Cytochalasin D treatment of P2 chondrocytes resulted in cells that were significantly smaller (P < 0.001; Fig. 4A,B) and rounder (P < 0.001), and refracted light more than non‐treated cells (Fig. 4A,C). The magnitude of shape change was greater than that attained by nocodazole treatment (Fig. 3A–C). Cytochalasin D treatment resulted in loss of actin stress fibers. F‐actin was still visible as punctate staining throughout the cytoplasm (Fig. 4D). Exposure of cells to cytochalasin D did not affect total actin levels (Fig. 4E) but resulted in an increased proportion of G‐/F‐actin (Fig. 4F) as well as a decreased proportion of M‐/P‐tubulin (Fig. 4G). Cells exposed to phalloidin were not statistically different (P > 0.05) in terms of average cell area or circularity as compared with control cells. F‐actin was present as stress fibers in cells exposed to phalloidin (Fig. 4D), and total actin levels (Fig. 4E) as well as G‐/F‐actin (Fig. 4F) were not significantly altered. Whereas phalloidin appeared to decrease M‐/P‐tubulin (Fig. 4G) this change was not statistically significant (P > 0.05).

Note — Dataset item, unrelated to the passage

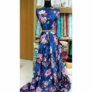 Dress Motif Bunga Besar Bahan Satin Import DA589

As previous studies revealed that cytoskeletal integrity is required for the mitogenic capacity of cells other than chondrocytes (Bohmer et al. 1996), proliferation genes were examined in P2 chondrocytes. CCND1 mRNA levels were significantly reduced in cells treated with cytochalasin D but not with phalloidin (Fig. 4H). KI67 mRNA levels were not significantly changed with either cytochalasin D or phalloidin treatment.

Exposure of P2 cells to phalloidin treatment did not significantly affect gene expression. However, cytochalasin D treatment resulted in increased ACAN but unchanged COL2 gene expression. Bovine P2 COL1 mRNA levels were repressed by cytochalasin D treatment.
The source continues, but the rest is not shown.